Faut-il un courtier en douane au Canada ?
Ce n'est pas une obligation légale, mais en pratique la quasi-totalité des importations commerciales passent par un courtier en douane agréé, mandaté par l'importateur canadien. Il dépose la déclaration auprès de l'ASFC et avance parfois les taxes. Demandez à votre client qui est son courtier avant le premier envoi : cela fluidifie tout le dossier.
Combien de temps prend un fret aérien entre Paris et Montréal ?
Le vol direct dure environ sept heures et demie, et le porte à porte se situe généralement entre 2 et 4 jours en incluant l'enlèvement, le dédouanement canadien et la livraison. Le délai réel dépend surtout de la réactivité du courtier en douane de votre client.
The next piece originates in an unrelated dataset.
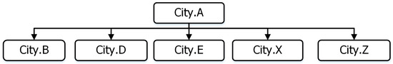 In order to find the most appropriate support team to deal with the incident happening at a region of an E-DMC, we introduced an adjacent location template to help the C-DMC. Figure 8, Figure 9 and Figure 10 present an example of adjacent location templates of the city level, district level, and town level, namely, city A, district A.A, and town A.A.A, respectively.
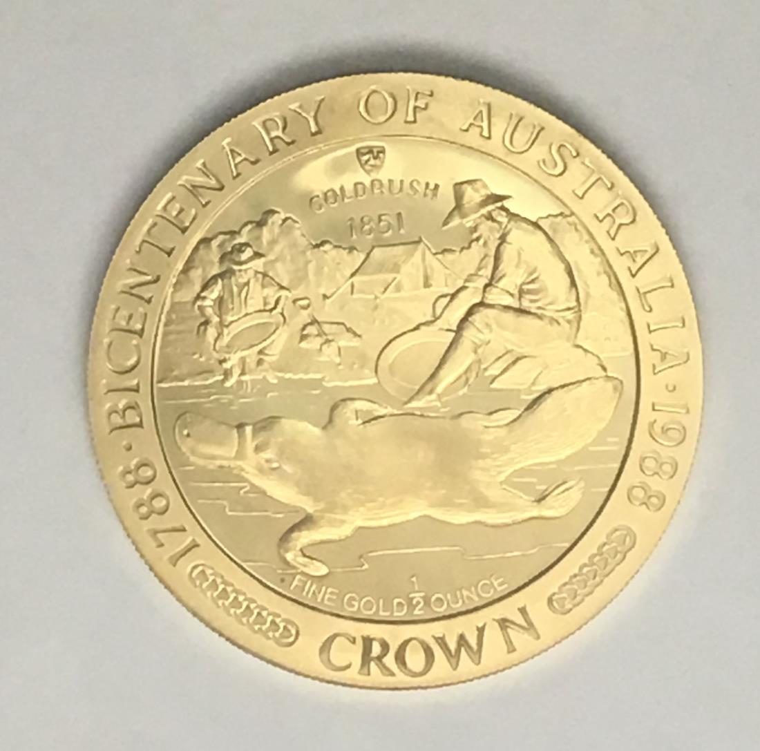 Isle of Man. Elizabeth II (1952-). 1988 Bicentennial of Australia. Halfcrown. Elizabeth II. Platypus. KM 288. 1/2 Ounce Gold. Gem Proof. Ultra cameo. In a custom plastic capsule. Pristine.

Un dossier transmis avant le décollage permet une mainlevée dès l'arrivée.
Quels produits sont particulièrement contrôlés à l'entrée au Canada ?
Les aliments, végétaux, produits d'origine animale et emballages en bois, contrôlés par l'Agence canadienne d'inspection des aliments, ainsi que les produits de santé et cosmétiques soumis à Santé Canada. Certains exigent une licence ou un enregistrement préalable de l'importateur. Vérifiez le régime de votre code SH avant de confirmer la commande.
L'importateur canadien doit-il avoir un numéro particulier ?
Oui, il doit détenir un numéro d'entreprise attribué par l'administration fiscale canadienne, assorti d'un compte import-export actif. Sans ce numéro, la déclaration d'importation ne peut pas être déposée et la marchandise reste bloquée à l'arrivée. C'est un point à vérifier avec votre client avant le tout premier envoi, pas à l'atterrissage.